▶ [Task statement]: In the entries below, begin at the line with "Skladacie magnetické zvieratká Farma Interaktívna" and stop after the line with "Após isso, a"; output those lines exactly and omit the pictures.
*** Opening of Information supplied ***
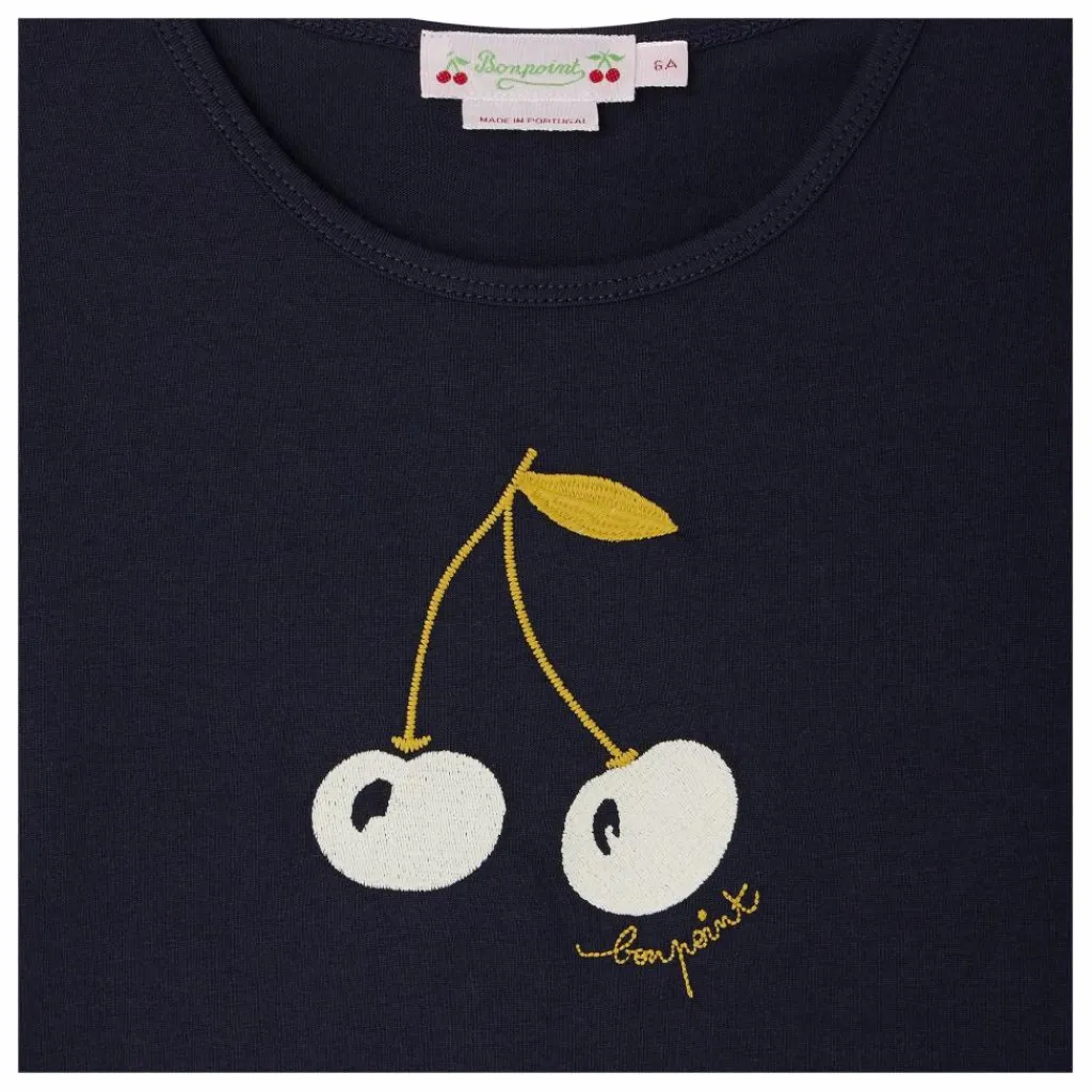 - Le t-shirt Tidjiane pour fille est un indispensable au quotidien. Orné d’une broderie cerise colorée sur la poitrine, ce modèle à manches longues est confectionné en coton biologique.En coton biologiqueCoupe droiteCol rondManches longues
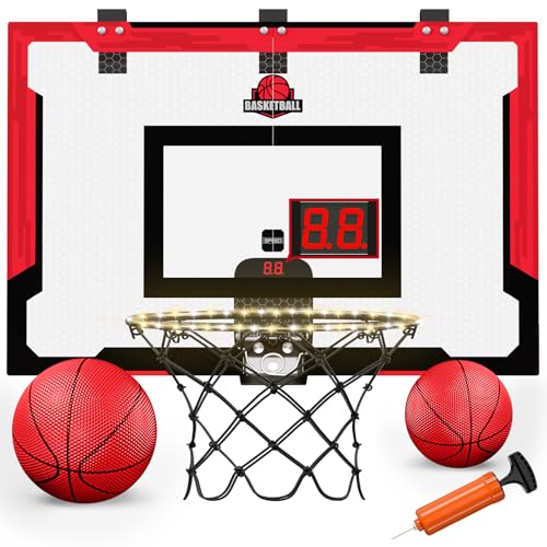 Hot Bee Basketball Hoop Indoor for Kids, Mini Basketball Hoop for Bedroom Door, Basketball Gifts Boys Age 9-13, with 3 Balls Electronic Scoreboard Net Lights
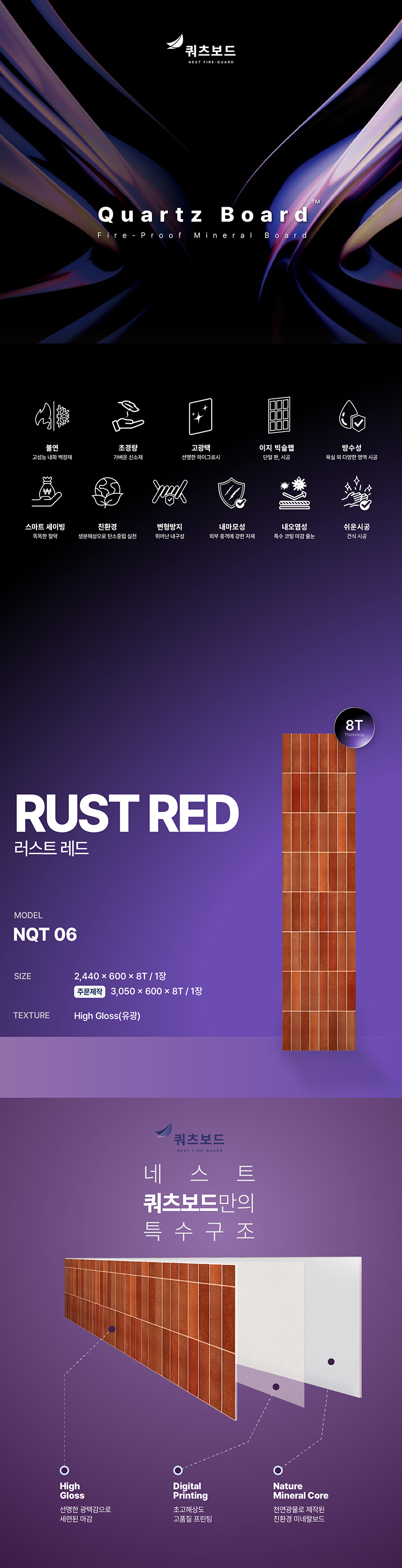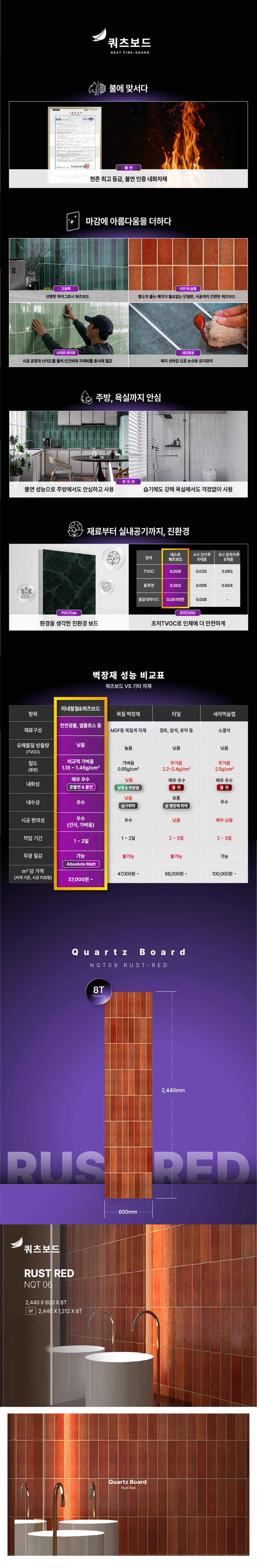 불연 쿼츠보드 NQT06 러스트레드 2400 x 600 x 8T
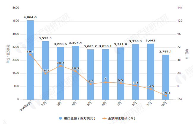 2019年1-10月中國天然氣進口量及金額增長情況表
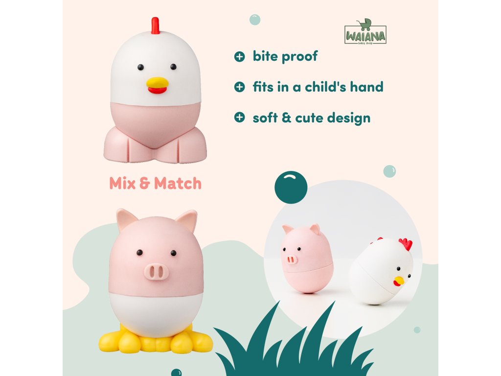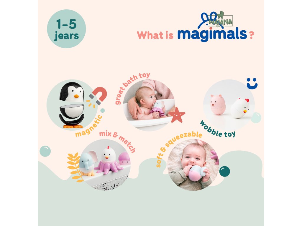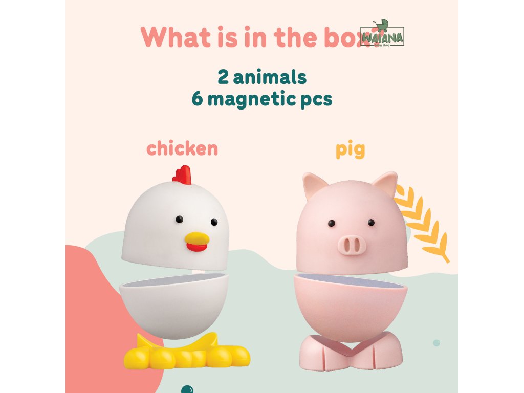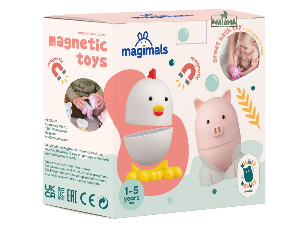 Skladacie magnetické zvieratká Farma Interaktívna hračka Magimals pre najmenších Skladacie magnetické zvieratká Farma Magimals zabavia už deti okolo 1 roku. Balenie obsahuje dve rozkošné zvieratká z farmy: sliepku a prasiatko. Každé je zložené z 3 častí: nožičiek, telíčka a hlavičky z mäkkého materiálu. Týchto 6 častí je možné medzi sebou navzájom kombinovať, čo predĺži detskú hru a sústredenie. Zvieratká sa dajú jednoducho skladať vďaka silným a bezpečným magnetom, je možné ich stláčať aj hrýzť. Zložené zvieratko deti využijú aj ako zábavnú hojdaciu hračku, ktorá sa nikdy neprevráti, alebo ako mäkkú hračku do vane.Roztomilá didaktická hračka do izbičky aj do vane Vďaka magnetickej skladačke Magimals Farma sa deti stanú malými prieskumníkmi. Figúrky totiž stimulujú predstavivosť a podporujú kognitívny rozvoj. Dokonale si vďaka nim precvičia hmat, úchop aj logické myslenie. Budú kreatívne kombinovať a objavovať svet zvierat. Magimals sú jedinečné kreatívne hračky pre bábätká, ktoré sú vyrobené z jemného, bezpečného, netoxického a umývateľného materiálu odolného voči detským zúbkom. Magnetická skladačka je vhodná ako darček k 1. narodeninám.
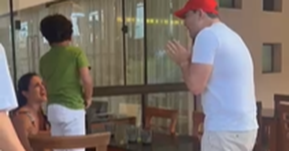 Após isso, a mulher desceu com os filhos para o restaurante do estabelecimento onde Rafael continuou, muito nervoso, a agredi-la verbalmente. No vídeo gravado por outros hospedes, Rafael está muito alterado e gritando com a mulher e filhos quando algumas pessoas começam a chegar e defender a mulher.
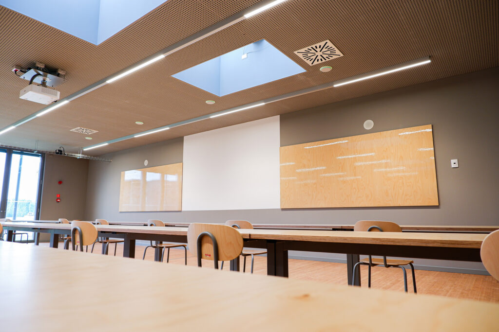 Per ciascuno degli edifici del campus, la selezione dei terminali idronici e delle soluzioni per la ventilazione meccanica è stata compiuta considerando principalmente gli aspetti energetici e il comfort degli utenti, con l’obiettivo di dotare i singoli locali degli impianti di climatizzazione più adatti alle diverse attività.
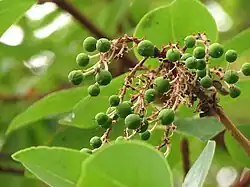 Es handelt sich um einen immergrünen Baum, der eine Höhe von 7 bis 40 Meter und Stammdurchmesser von 15 bis 150 Zentimeter (BHD) erreicht, unter ungünstigen Bedingungen aber strauchförmig bleibt. Der Stamm wächst meist nicht gerade, kreisrunde Stammquerschnitte sind selten. Oft entspringen der Stammbasis zahlreiche Schösslinge.[1] Junge Bäume haben gleichmäßig geformte, ovale Kronen, kennzeichnend für die Art sind jedoch die unregelmäßig geformten, weit ausladenden Kronen der Altbäume.[3]
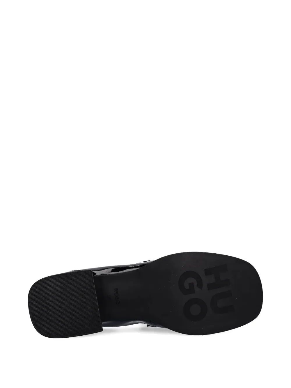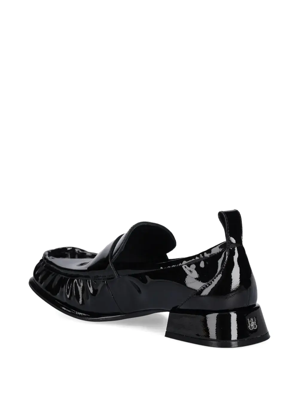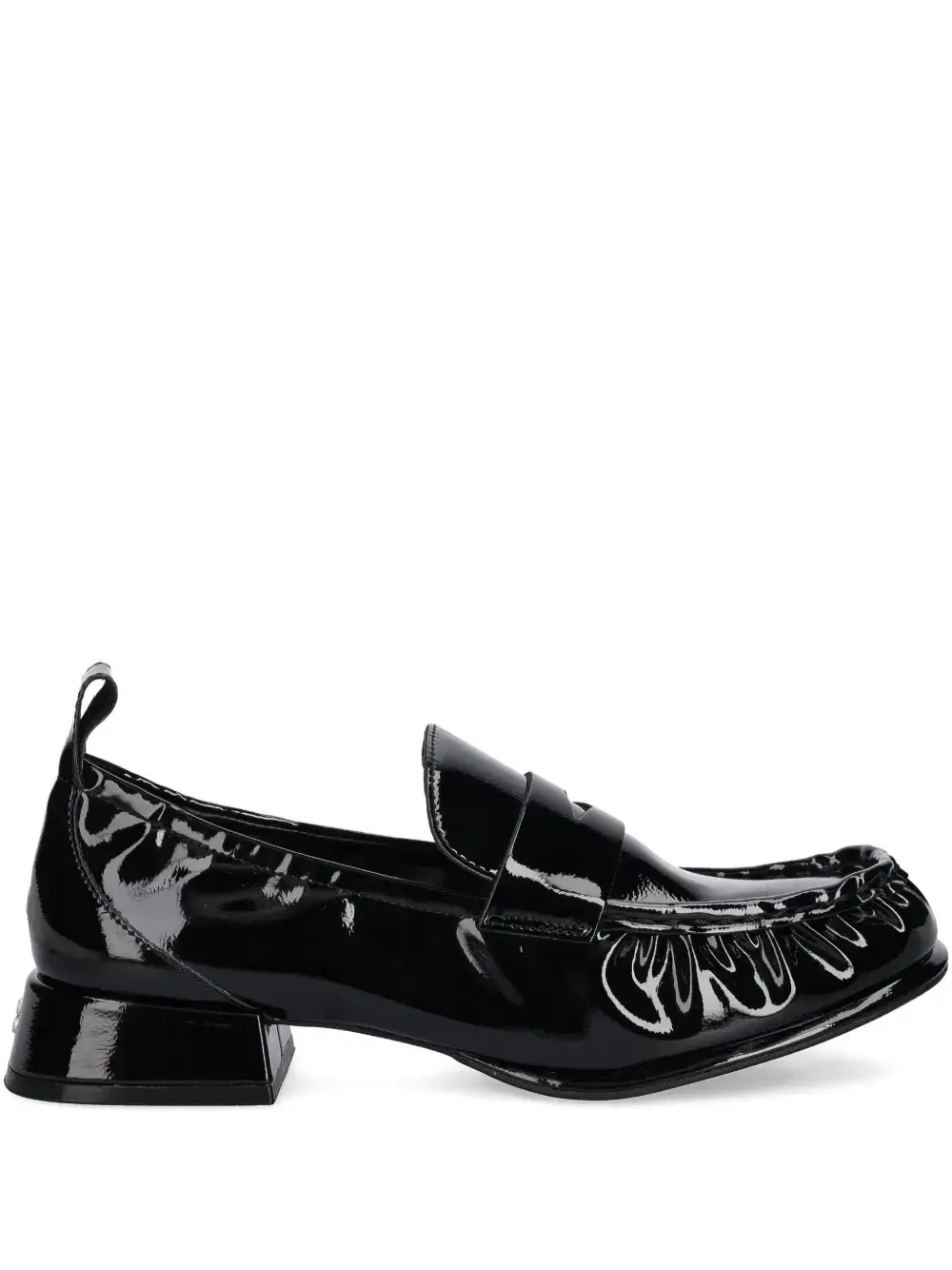 черные туфли-лодочки с оборками, блок-каблуком и петелькой на пятке
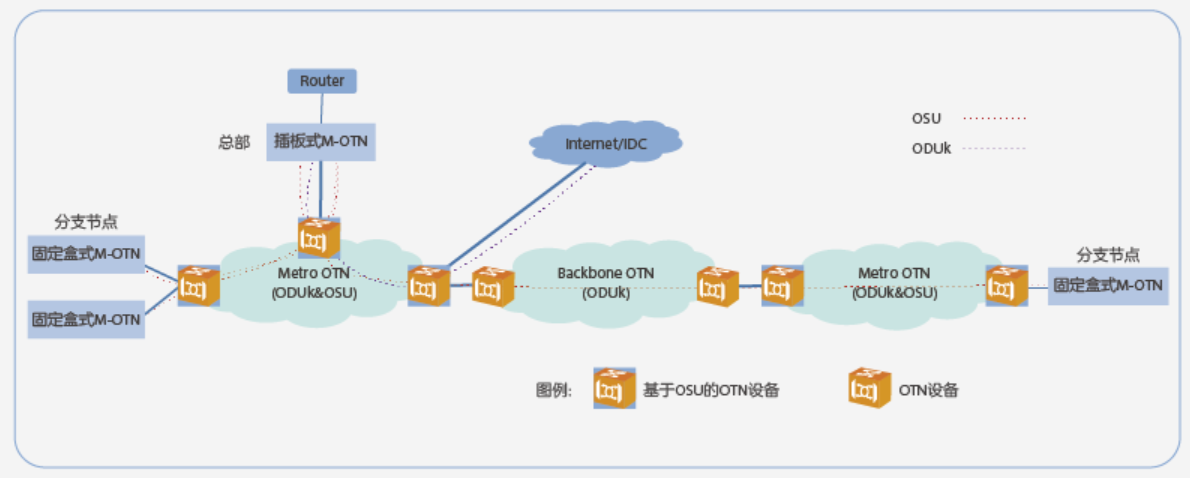 基于OSU的OTN設(shè)備是傳統(tǒng)OTN設(shè)備的優(yōu)化和擴(kuò)展,通過引入OSU技術(shù),可提供低成本、低時(shí)延、低功耗的以城域應(yīng)用為主的綜合業(yè)務(wù)承載方案。基于OSU的OTN設(shè)備在網(wǎng)絡(luò)中的部署如圖1所示。
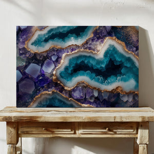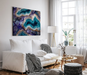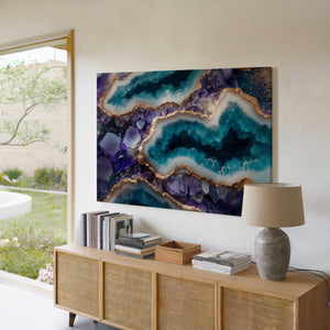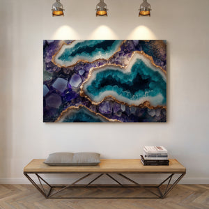 Radiant and layered with mineral-like complexity, “Prism Depths” invites the viewer into a world of iridescent color and crystalline structure. Inspired by the beauty of geodes and gemstones, this abstract piece shimmers with dimensional richness — a spectrum of jewel-toned hues refracted into visual poetry. Printed on premium 1.5" gallery-wrapped canvas, “Prism Depths” adds instant sophistication and depth to any modern interior. Ideal for statement walls, entryways, or creative spaces, it balances bold energy with polished elegance.
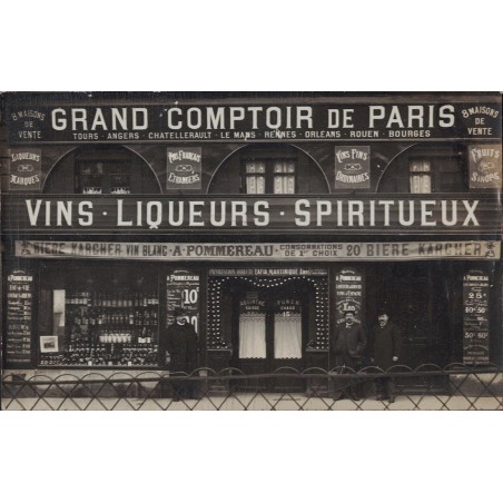 • TOURS - GRAND COMPTOIR DE PARIS - VINS, LIQUEURS, SPIRITUEUX -  SUPERBE CARTE PHOTO - DEVANTURE DE MAGASIN - ANIMATION - RARE.
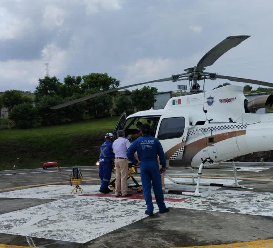 Los paramédicos de vuelo de la SSP junto a la aeronave, se movilizaron de inmediato a un nosocomio ubicado en el municipio de Tuxpan, donde se encontraba un paciente de 42 años de edad con diagnóstico de enfermedad vascular cerebral (EVC) Hemorrágica.
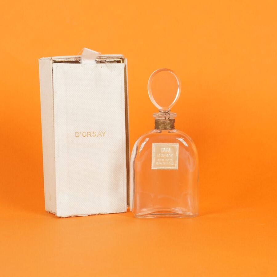 PARFUMS D'ORSAY : "Duo", flacon en verre incolore, étiquette argentée sur une face "Duo d'Orsay, New York", bouchon pastille scellé, présenté dans sa boîte (en l'état), H. Flacon : 10 cm (vide, éclat).
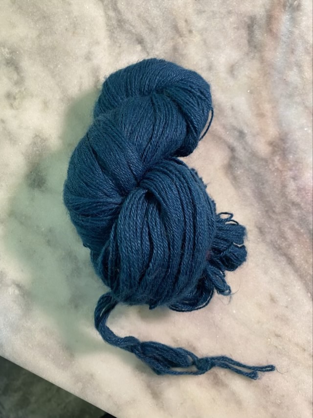 Photo description: gray-blue hank of yarn opened up from the storage twist with familiar strands of yarn tying the loops of the skein together at the ends
*** Close of Information supplied ***
▶ [Solution to this task]:
 Skladacie magnetické zvieratká Farma Interaktívna hračka Magimals pre najmenších Skladacie magnetické zvieratká Farma Magimals zabavia už deti okolo 1 roku. Balenie obsahuje dve rozkošné zvieratká z farmy: sliepku a prasiatko. Každé je zložené z 3 častí: nožičiek, telíčka a hlavičky z mäkkého materiálu. Týchto 6 častí je možné medzi sebou navzájom kombinovať, čo predĺži detskú hru a sústredenie. Zvieratká sa dajú jednoducho skladať vďaka silným a bezpečným magnetom, je možné ich stláčať aj hrýzť. Zložené zvieratko deti využijú aj ako zábavnú hojdaciu hračku, ktorá sa nikdy neprevráti, alebo ako mäkkú hračku do vane.Roztomilá didaktická hračka do izbičky aj do vane Vďaka magnetickej skladačke Magimals Farma sa deti stanú malými prieskumníkmi. Figúrky totiž stimulujú predstavivosť a podporujú kognitívny rozvoj. Dokonale si vďaka nim precvičia hmat, úchop aj logické myslenie. Budú kreatívne kombinovať a objavovať svet zvierat. Magimals sú jedinečné kreatívne hračky pre bábätká, ktoré sú vyrobené z jemného, bezpečného, netoxického a umývateľného materiálu odolného voči detským zúbkom. Magnetická skladačka je vhodná ako darček k 1. narodeninám.
 Após isso, a mulher desceu com os filhos para o restaurante do estabelecimento onde Rafael continuou, muito nervoso, a agredi-la verbalmente. No vídeo gravado por outros hospedes, Rafael está muito alterado e gritando com a mulher e filhos quando algumas pessoas começam a chegar e defender a mulher.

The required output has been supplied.